Your task is to reproduce exactly the lines from the one containing "商品名称:呗旺鹿 2024新款舒适亲肤全棉40支大平网定位枕萌趣印花卡通四件套 蜜糖吐司" through the last line below, both ends included, and nothing else, with no pictures.

▶ **DATA BLOCK**
>>
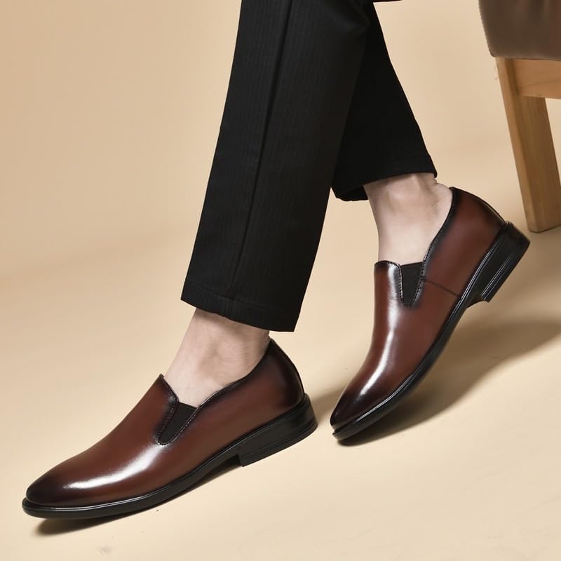 Men White Dress Shoes Lace Up Genuine Leather Oxfords Shoes Fashion Classic Pointed Toe Low Top Leather Dress Shoes(Brown,7.5)
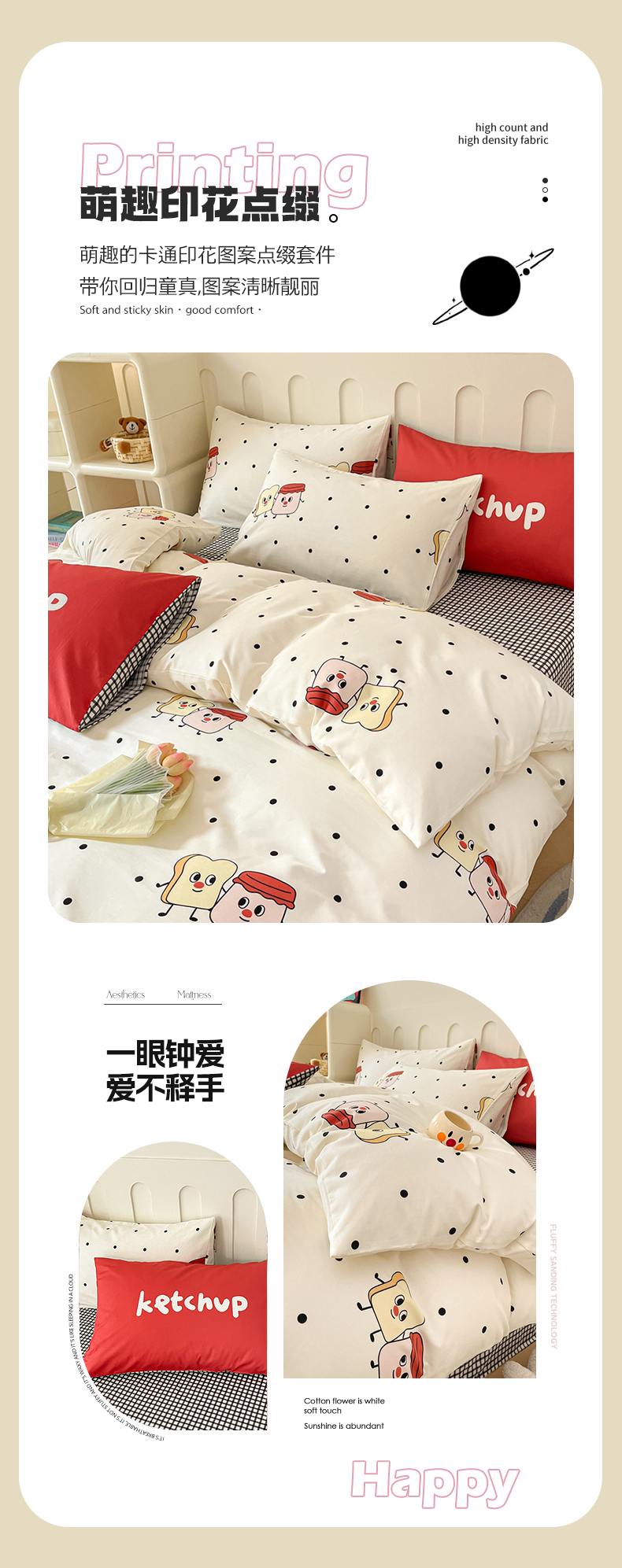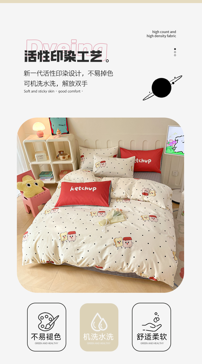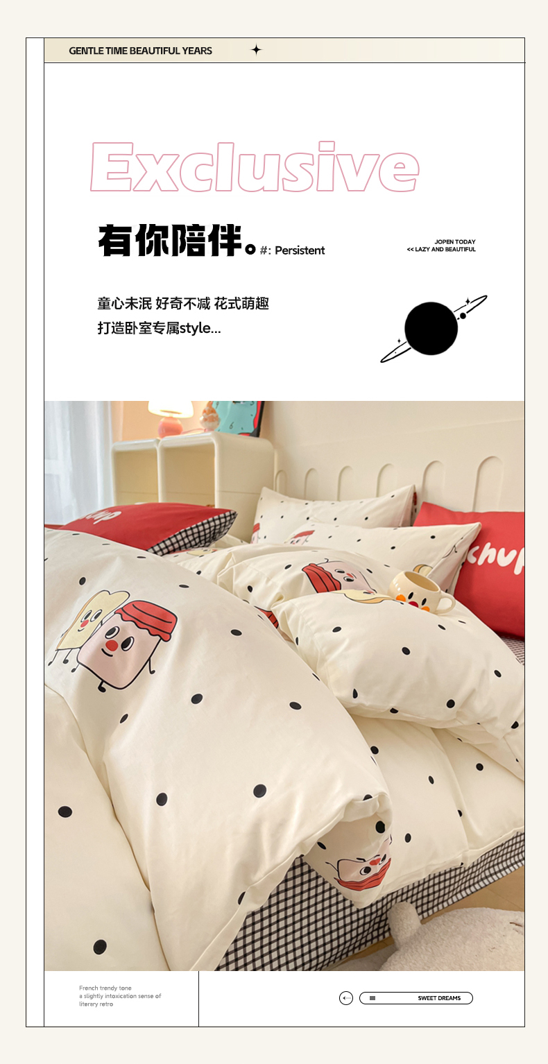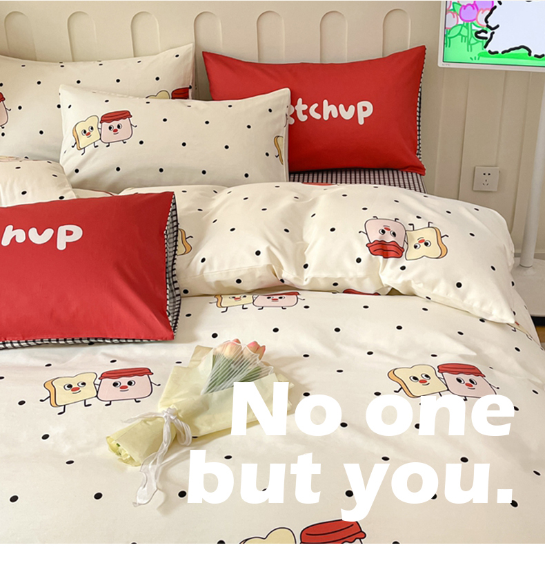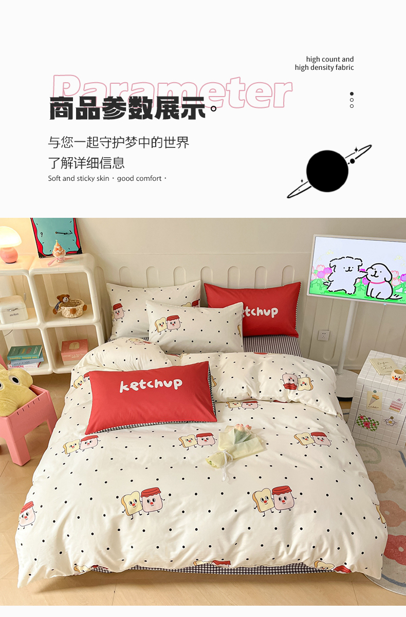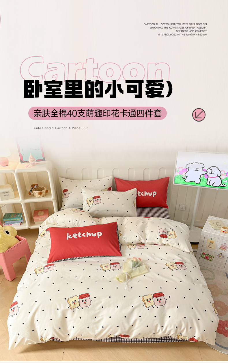 商品名称:呗旺鹿 2024新款舒适亲肤全棉40支大平网定位枕萌趣印花卡通四件套 蜜糖吐司
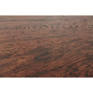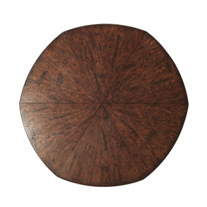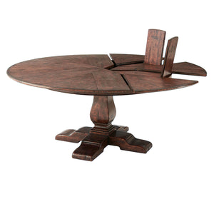 A reclaimed oak and chestnut burl restored circular extending dining table, the segmented top opening to reveal six self-storing fold-out leaves above a plain frieze, on a vase column support and crossover refectory feet.
<<
▶ **THE COMPLETED TASK**
 商品名称:呗旺鹿 2024新款舒适亲肤全棉40支大平网定位枕萌趣印花卡通四件套 蜜糖吐司
 A reclaimed oak and chestnut burl restored circular extending dining table, the segmented top opening to reveal six self-storing fold-out leaves above a plain frieze, on a vase column support and crossover refectory feet.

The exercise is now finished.